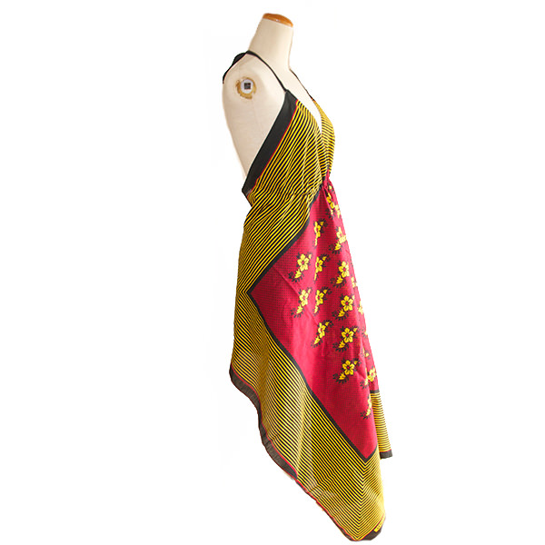 赤と黄色の花柄の相性が良く、ビーチや遊びに来ていきたくなる柄行きです。
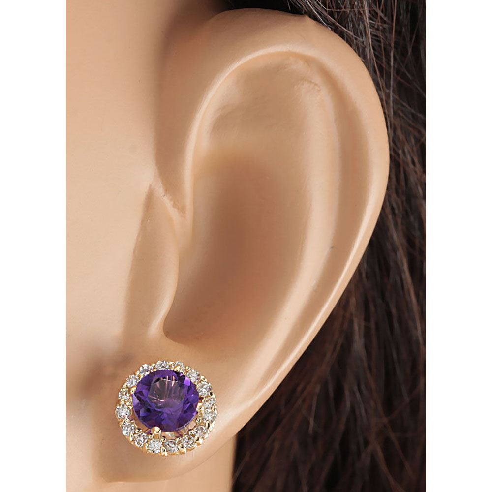 3.65 CTW Natural Amethyst And Diamond Earrings 18K Solid Yellow Gold
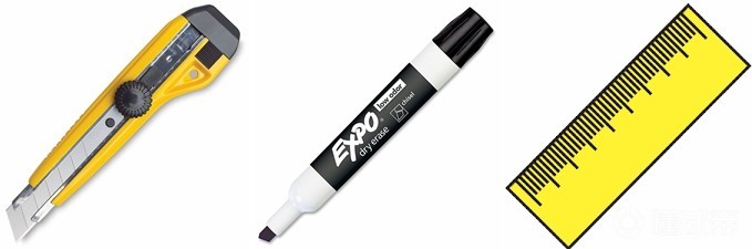 第二是准备好需要的工具,可以不用买高级工具,但基本的一定要齐全,美工刀、记号笔(也可以用其他笔代替)、尺子是最低要求。如果再准备一张砂纸用来打磨边缘,那么恭喜你,你的加工精细程度已经超越了很多磨钉人了。
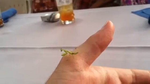We went to a Luau, and this baby praying mantis kept crawling on me. As the drums started playing, I noticed that he was dancing in sync.
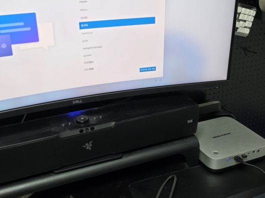 실제 설치를 완료한 모습이다. 마우스나 스피커 등 주변 주변기기와 비교해도 특별히 크지 않은 점이 인상적이다.
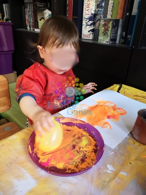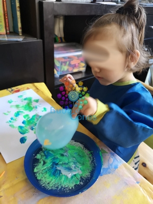 Miss L et Mademoiselle A ont tamponné les tâches de peinture avec les ballons.
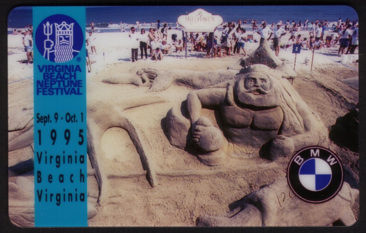 This collectible phone card commemorates the 1995 Neptune Festival held in Virginia Beach, Virginia. The card prominently features an artistic sand sculpture, a hallmark of the Neptune Festival’s beach events, set against a backdrop of sandy beaches and clear blue skies. The sand sculpture depicts a large, intricate design that reflects the festival’s seaside theme. Tree branches partially frame the upper portion of the scene, adding natural detail to the coastal environment.
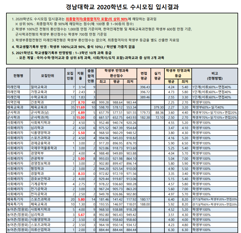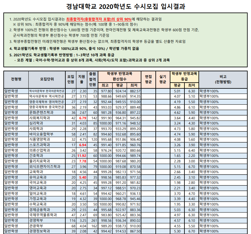 이상으로 경남대학교 2020학년도 수시등급 입시결과 자료에 대한 포스팅을 마치겠습니다.
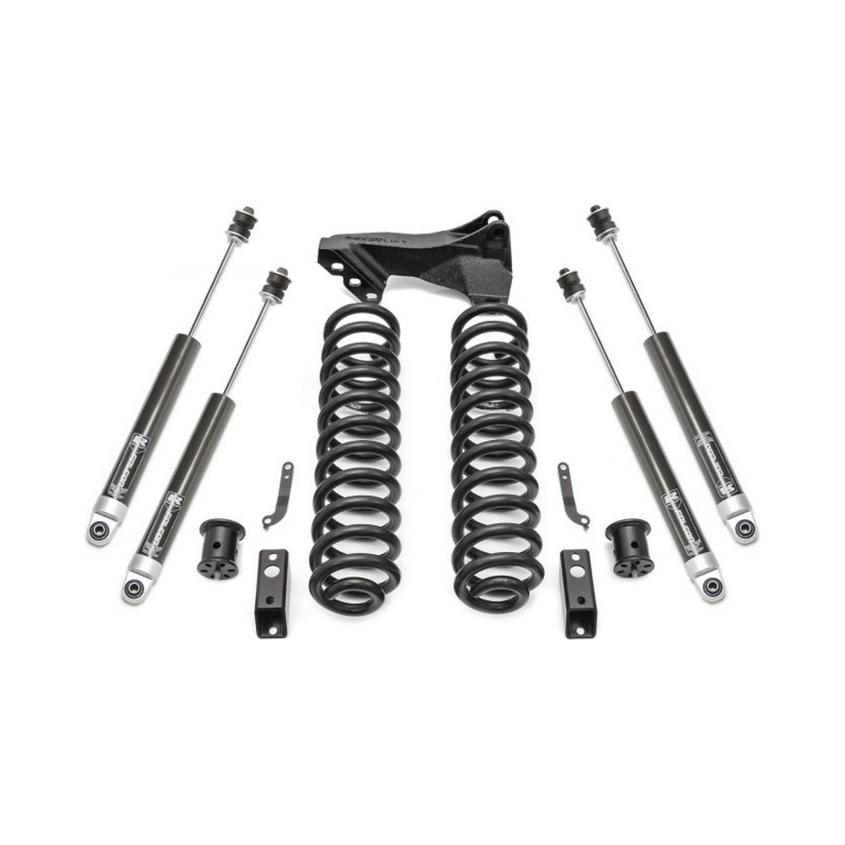 This kit includes front and rear Falcon 1.1 Monotube series shocks and our popular front track bar relocation bracket. This gives Super Duty owners an excellent alternative for lifting the front of your truck. This great new front leveling system will raise the front of your 2017-2019 4WD Super Duty truck 2.5″ while including added value components such as the premiere Falcon 1.1 Monotube shocks and our track bar relocation bracket.. The 46-2724 coil spring system allows for increased tire sizes and widths along with providing improved ground clearance and a more commanding view of the road.
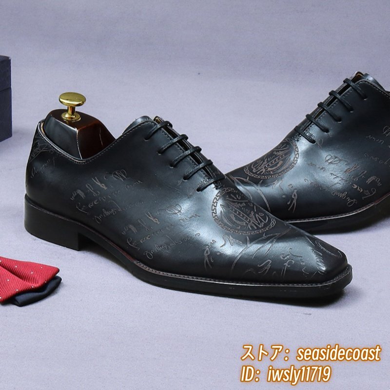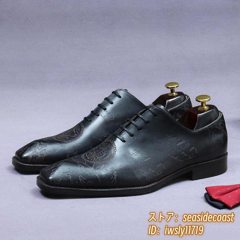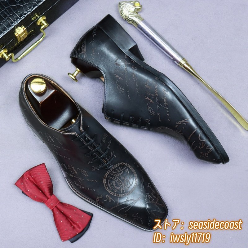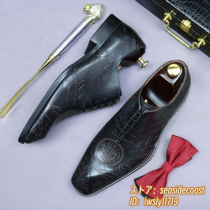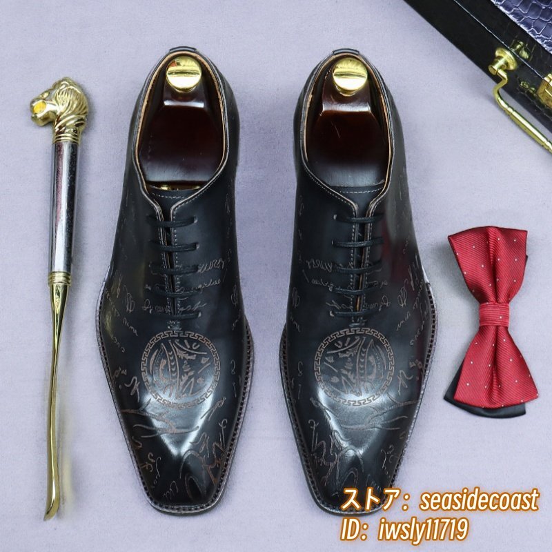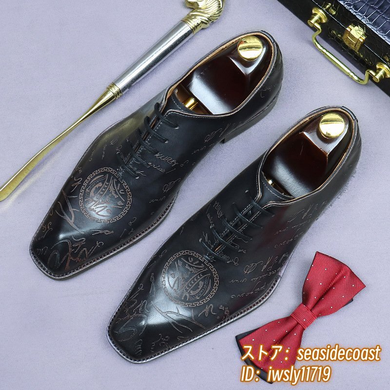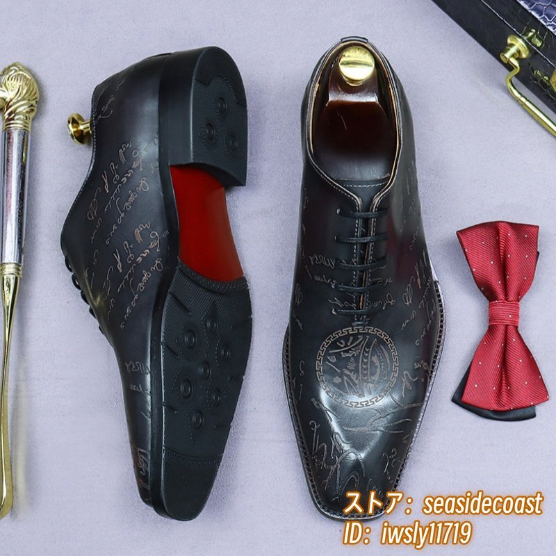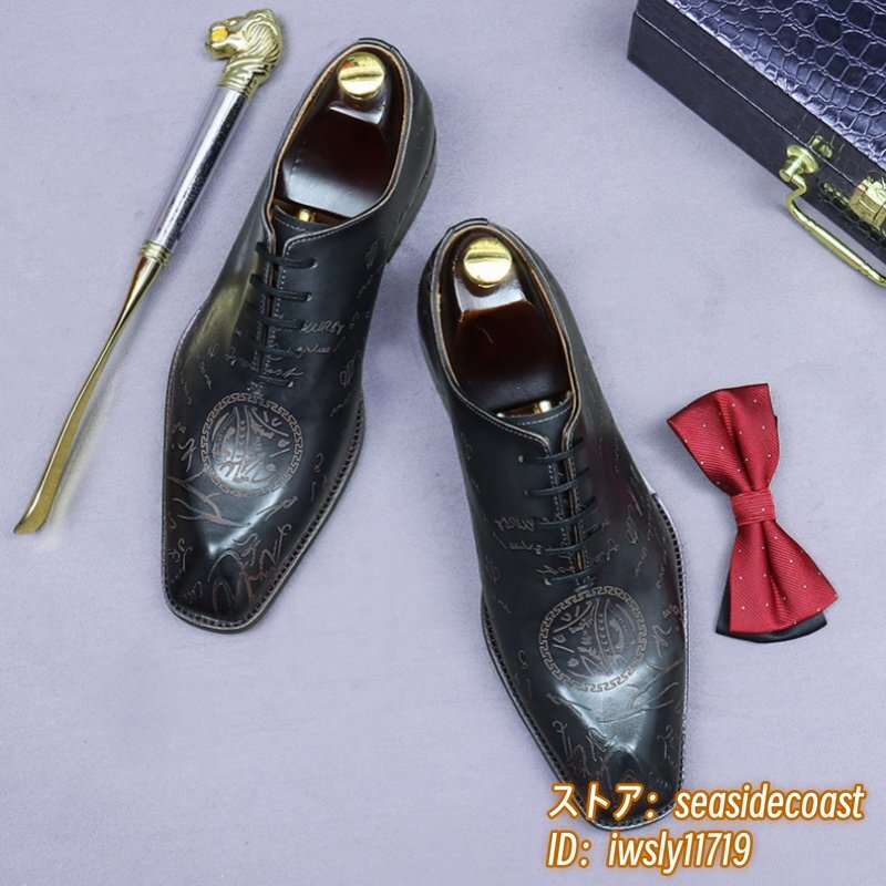 最高級◆定価11万超 ビジネスシューズ 本革 メンズ 職人手作り 彫り レザーシューズ 牛革 革靴 フォーマル 紳士靴 ドレス ブラック 28.0cm
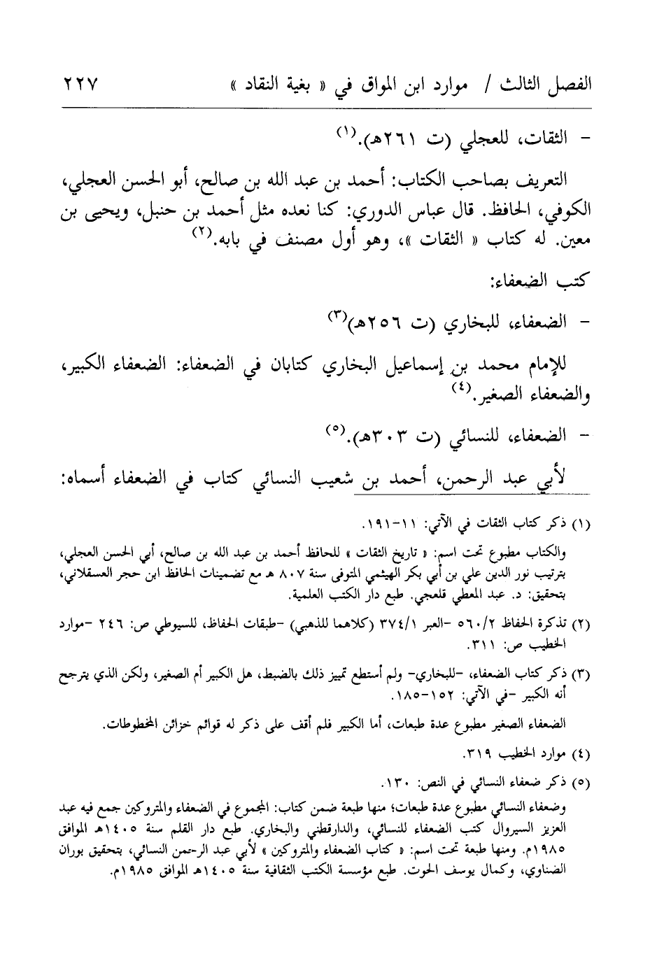 - الضعفاء، للنسائي (ت 303 هـ). (¬5)
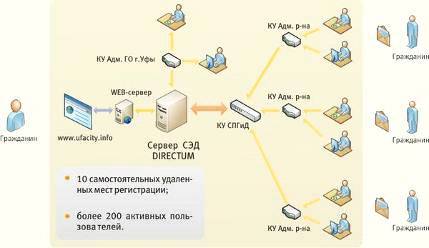 По мнению начальника отдела информационных технологий и связи администрации городского округа Уфы Марата Рахимкулова, система DIRECTUM соответствует отечественным стандартам делопроизводства, имеет гибкие функции электронной цифровой подписи и шифрования документов, а кроме того, обеспечивает удаленный доступ. Система DIRECTUM стала центральным звеном в создаваемой информационной системе «электронный муниципалитет». Общая структура решения условно может быть разделена на две части: внутреннюю и внешнюю. Внутренняя часть, нацеленная на повышение эффективности работы местных органов власти, объединяет информационно-аналитическую систему муниципалитета и систему электронного документооборота DIRECTUM. Внешняя часть направлена на повышение открытости местных органов власти и состоит из интернет-порталов, с помощью которых осуществляется взаимодействие администрации с населением города и зарегистрированными на его территории предприятиями.поддерживает единое хранилище электронных документов с возможностью отслеживания их жизненного цикла, имеет мощную встроенную систему поиска, выполняет операции по регистрации, обработке, согласованию и рассылке документов, позволяет передавать их в архив и готовить к уничтожению.
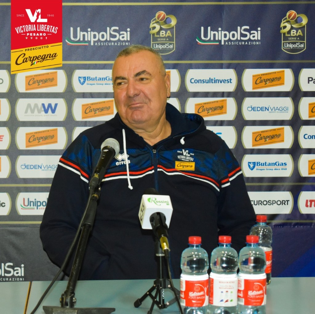 Il Coach della Carpegna Prosciutto Basket Pesaro ha analizzato anche il momento attuale: “Sabato scorso solo poche persone hanno assistito al match casalingo contro Trento: per me è un grande dispiacere perché senza pubblico non si tratta di un vero evento. Noi giochiamo per la gente, per me giocare senza pubblico non ha senso. La salute di tutti ovviamente ha la priorità, però andare avanti con uno stress enorme tra tamponi e viaggi non è affatto facile”.
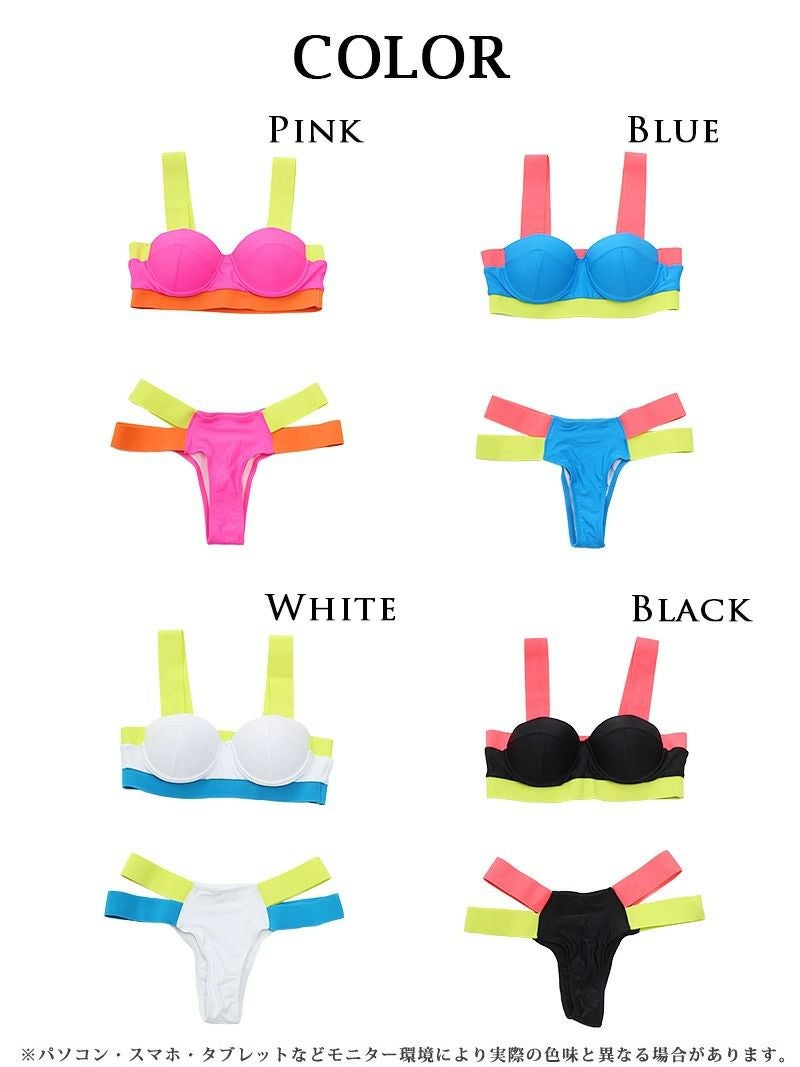 水着 ワンカラーバストカットバンドゥビキニ ENA 着用 レディース水着【Ryuyu】(S/M/L)(ピンク/ブルー/ブラック)
★ ★ ★ ★ ★
* _Problem to solve_: From the listing above, restate verbatim the lines running from the one with "실제 설치를 완료한 모습이다." through the one with "Miss L et Mademoiselle", inclusive, but not the pictures.

* _Written answer_:
 실제 설치를 완료한 모습이다. 마우스나 스피커 등 주변 주변기기와 비교해도 특별히 크지 않은 점이 인상적이다.
 Miss L et Mademoiselle A ont tamponné les tâches de peinture avec les ballons.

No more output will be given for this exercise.